▸ Aim of the exercise: Below are some entries. Transcribe the lines from the one holding "在仪式正式开始前,天津安达物" to the one holding "Aluminium round cross", inclusive, but not the pictures among them.

▸ Material for this task:

+===+

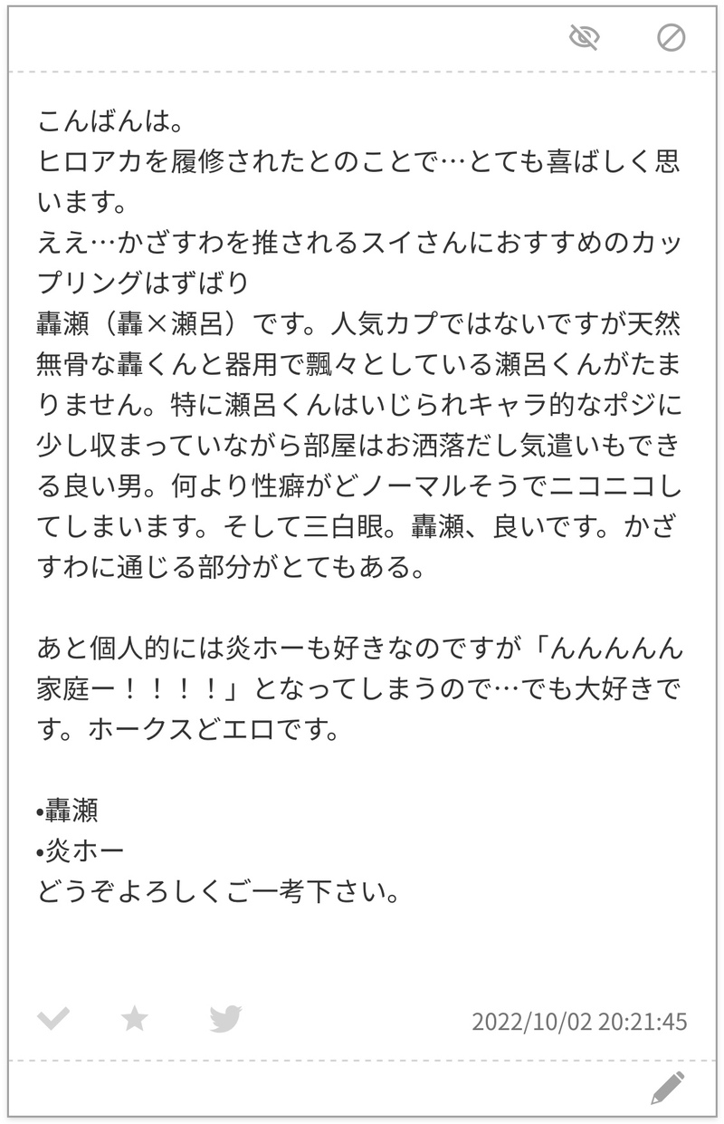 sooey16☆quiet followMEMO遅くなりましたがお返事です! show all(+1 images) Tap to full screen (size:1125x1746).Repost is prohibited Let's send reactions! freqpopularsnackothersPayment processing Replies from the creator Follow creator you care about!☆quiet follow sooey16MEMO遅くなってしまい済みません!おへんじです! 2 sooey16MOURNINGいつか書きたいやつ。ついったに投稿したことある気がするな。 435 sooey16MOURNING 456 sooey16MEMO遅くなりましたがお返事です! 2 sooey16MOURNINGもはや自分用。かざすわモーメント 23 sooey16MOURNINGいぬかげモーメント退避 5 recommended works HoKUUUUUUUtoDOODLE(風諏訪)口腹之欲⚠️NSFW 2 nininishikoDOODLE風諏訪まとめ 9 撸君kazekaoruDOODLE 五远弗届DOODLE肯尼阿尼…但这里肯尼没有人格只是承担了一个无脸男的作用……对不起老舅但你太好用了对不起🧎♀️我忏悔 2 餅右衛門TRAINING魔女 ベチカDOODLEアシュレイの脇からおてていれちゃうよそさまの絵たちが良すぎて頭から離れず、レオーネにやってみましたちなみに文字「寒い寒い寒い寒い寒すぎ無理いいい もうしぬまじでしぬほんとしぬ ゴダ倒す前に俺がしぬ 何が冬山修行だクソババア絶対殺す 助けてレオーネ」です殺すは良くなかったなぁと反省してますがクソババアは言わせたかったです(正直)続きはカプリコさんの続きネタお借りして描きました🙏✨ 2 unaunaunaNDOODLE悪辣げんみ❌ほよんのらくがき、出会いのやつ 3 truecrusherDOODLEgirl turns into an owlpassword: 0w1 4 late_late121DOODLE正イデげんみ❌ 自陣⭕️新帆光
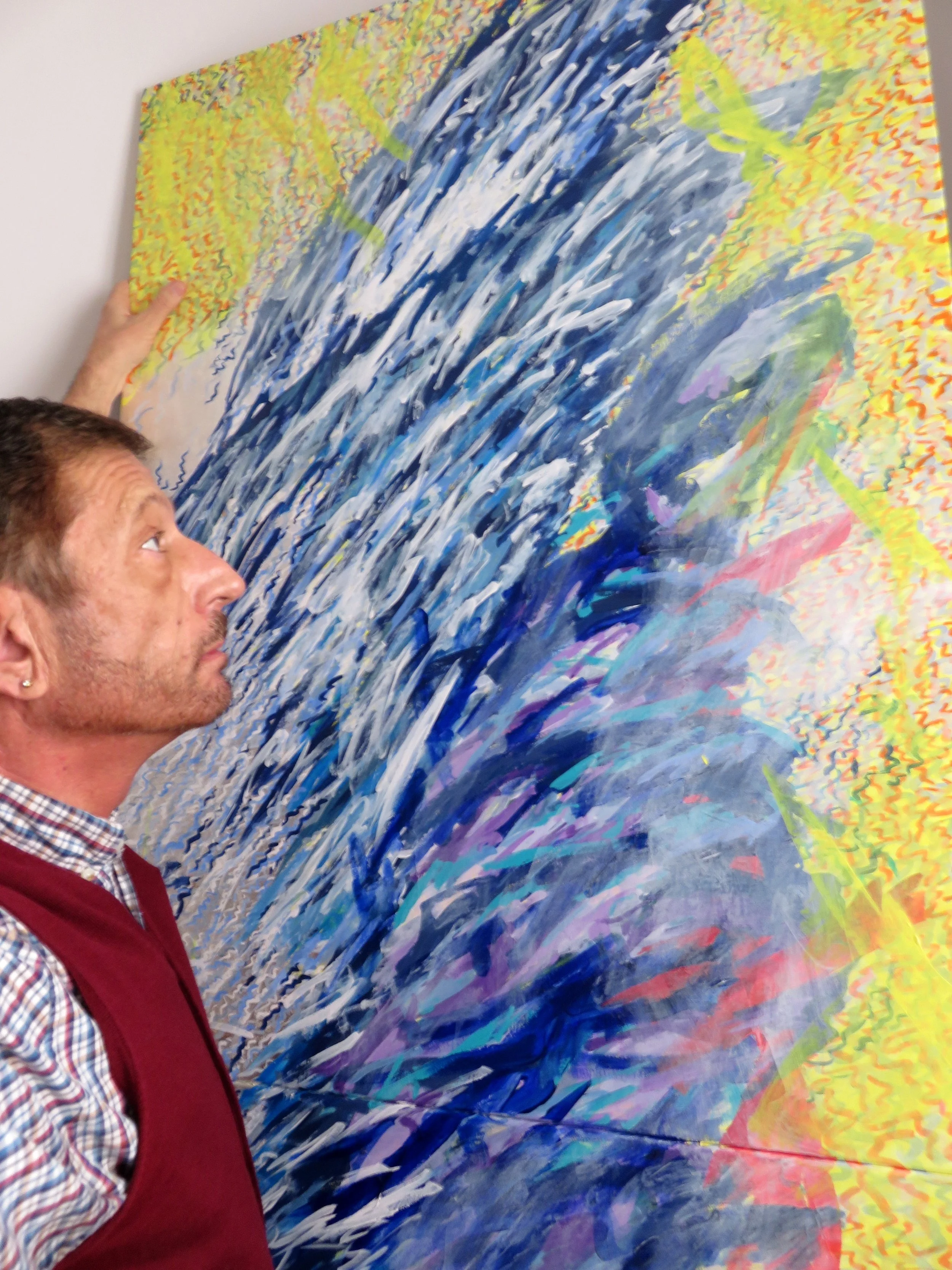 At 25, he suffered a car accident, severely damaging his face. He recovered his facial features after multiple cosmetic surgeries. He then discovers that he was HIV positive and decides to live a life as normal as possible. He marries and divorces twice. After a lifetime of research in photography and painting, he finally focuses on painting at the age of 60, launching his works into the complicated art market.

+===+

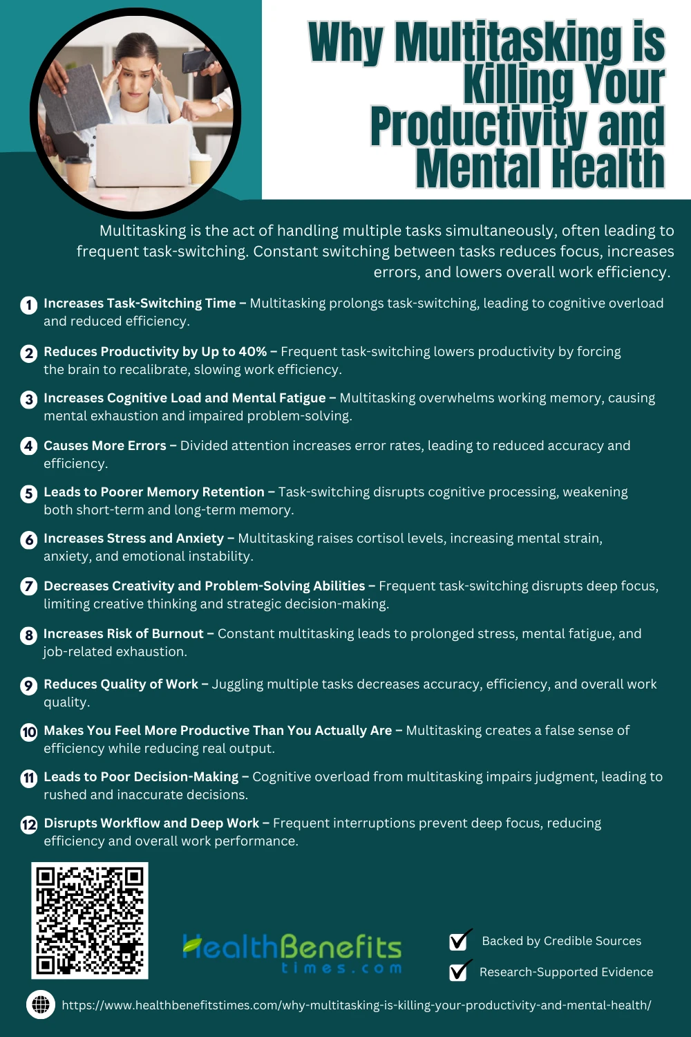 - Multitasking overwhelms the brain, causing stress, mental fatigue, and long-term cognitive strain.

+===+

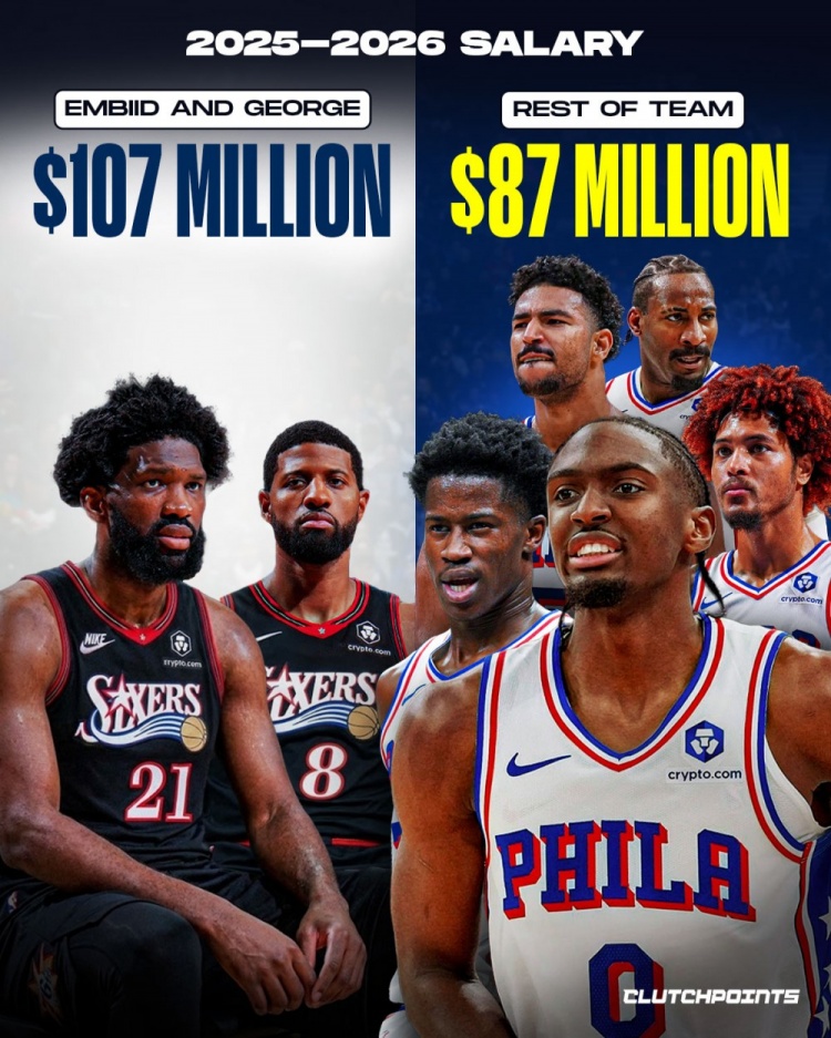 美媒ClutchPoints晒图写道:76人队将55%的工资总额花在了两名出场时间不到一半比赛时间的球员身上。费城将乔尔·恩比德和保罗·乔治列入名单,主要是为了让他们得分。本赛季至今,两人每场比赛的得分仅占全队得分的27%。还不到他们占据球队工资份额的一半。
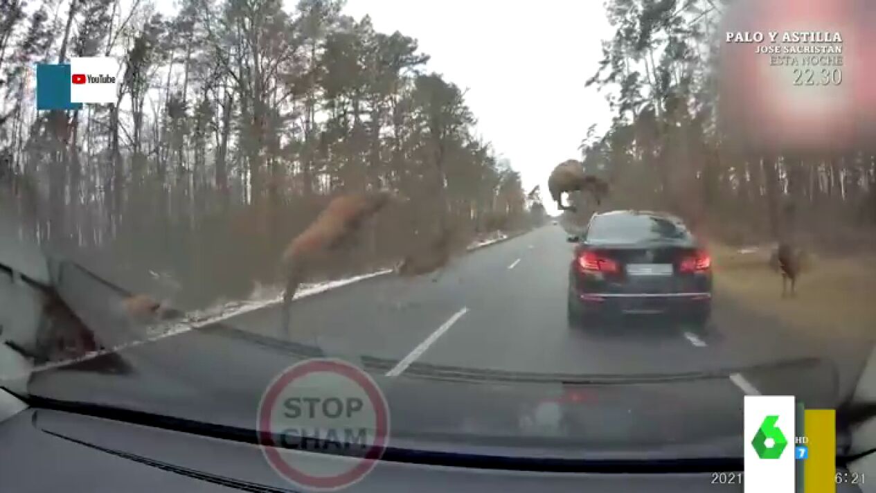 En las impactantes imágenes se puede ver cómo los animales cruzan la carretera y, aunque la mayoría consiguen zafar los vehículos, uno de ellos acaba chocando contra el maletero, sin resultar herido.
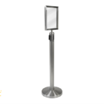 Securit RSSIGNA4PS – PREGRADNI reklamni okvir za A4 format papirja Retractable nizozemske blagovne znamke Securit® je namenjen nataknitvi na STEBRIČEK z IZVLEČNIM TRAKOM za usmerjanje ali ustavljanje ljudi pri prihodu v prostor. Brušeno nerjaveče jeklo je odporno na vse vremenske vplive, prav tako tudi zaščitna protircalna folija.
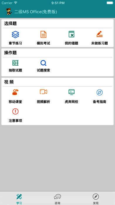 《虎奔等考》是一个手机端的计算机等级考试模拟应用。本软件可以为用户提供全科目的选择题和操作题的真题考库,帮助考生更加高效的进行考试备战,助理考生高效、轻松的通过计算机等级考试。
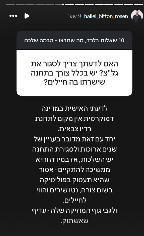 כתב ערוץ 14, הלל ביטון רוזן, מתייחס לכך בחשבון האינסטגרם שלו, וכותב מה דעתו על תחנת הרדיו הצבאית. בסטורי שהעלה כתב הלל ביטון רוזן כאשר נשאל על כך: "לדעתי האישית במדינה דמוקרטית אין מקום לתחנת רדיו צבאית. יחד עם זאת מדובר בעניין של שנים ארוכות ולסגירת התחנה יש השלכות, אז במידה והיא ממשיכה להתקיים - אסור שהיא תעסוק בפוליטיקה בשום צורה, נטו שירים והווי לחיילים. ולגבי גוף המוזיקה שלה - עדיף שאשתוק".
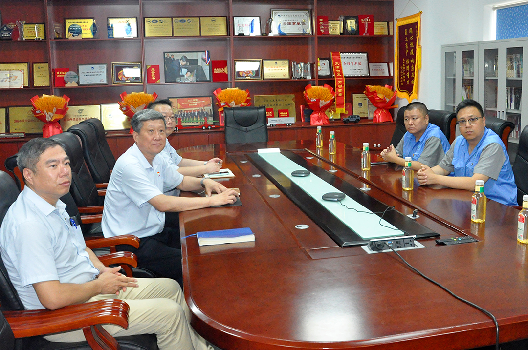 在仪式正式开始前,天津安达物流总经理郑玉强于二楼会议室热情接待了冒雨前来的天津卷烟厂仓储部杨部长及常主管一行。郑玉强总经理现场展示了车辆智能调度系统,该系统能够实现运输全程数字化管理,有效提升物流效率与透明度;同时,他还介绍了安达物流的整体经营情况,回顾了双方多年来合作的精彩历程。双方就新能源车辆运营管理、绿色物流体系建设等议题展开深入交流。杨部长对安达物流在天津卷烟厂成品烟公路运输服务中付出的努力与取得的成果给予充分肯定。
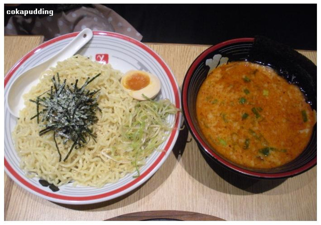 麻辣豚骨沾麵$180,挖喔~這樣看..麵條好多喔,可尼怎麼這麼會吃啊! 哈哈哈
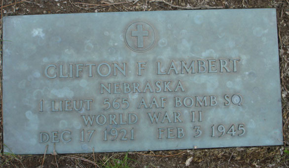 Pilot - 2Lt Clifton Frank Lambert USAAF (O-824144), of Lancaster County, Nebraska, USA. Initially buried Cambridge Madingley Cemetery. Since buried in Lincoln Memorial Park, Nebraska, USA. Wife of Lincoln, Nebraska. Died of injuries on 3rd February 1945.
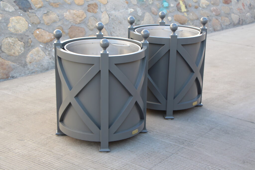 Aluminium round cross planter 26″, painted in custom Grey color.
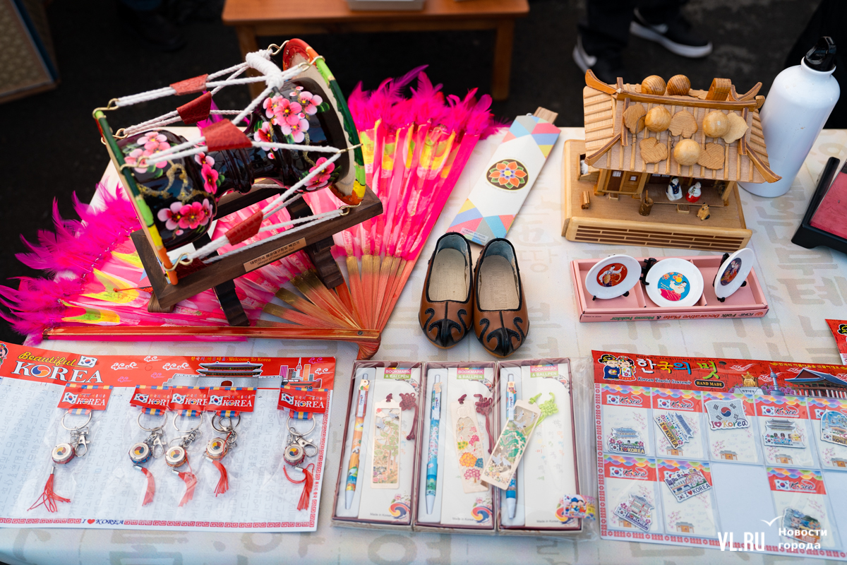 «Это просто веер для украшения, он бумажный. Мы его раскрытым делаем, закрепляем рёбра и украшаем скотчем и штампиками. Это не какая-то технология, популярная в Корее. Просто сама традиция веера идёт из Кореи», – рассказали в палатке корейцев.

+===+

▸ Solution to this exercise:
 在仪式正式开始前,天津安达物流总经理郑玉强于二楼会议室热情接待了冒雨前来的天津卷烟厂仓储部杨部长及常主管一行。郑玉强总经理现场展示了车辆智能调度系统,该系统能够实现运输全程数字化管理,有效提升物流效率与透明度;同时,他还介绍了安达物流的整体经营情况,回顾了双方多年来合作的精彩历程。双方就新能源车辆运营管理、绿色物流体系建设等议题展开深入交流。杨部长对安达物流在天津卷烟厂成品烟公路运输服务中付出的努力与取得的成果给予充分肯定。
 麻辣豚骨沾麵$180,挖喔~這樣看..麵條好多喔,可尼怎麼這麼會吃啊! 哈哈哈
 Pilot - 2Lt Clifton Frank Lambert USAAF (O-824144), of Lancaster County, Nebraska, USA. Initially buried Cambridge Madingley Cemetery. Since buried in Lincoln Memorial Park, Nebraska, USA. Wife of Lincoln, Nebraska. Died of injuries on 3rd February 1945.
 Aluminium round cross planter 26″, painted in custom Grey color.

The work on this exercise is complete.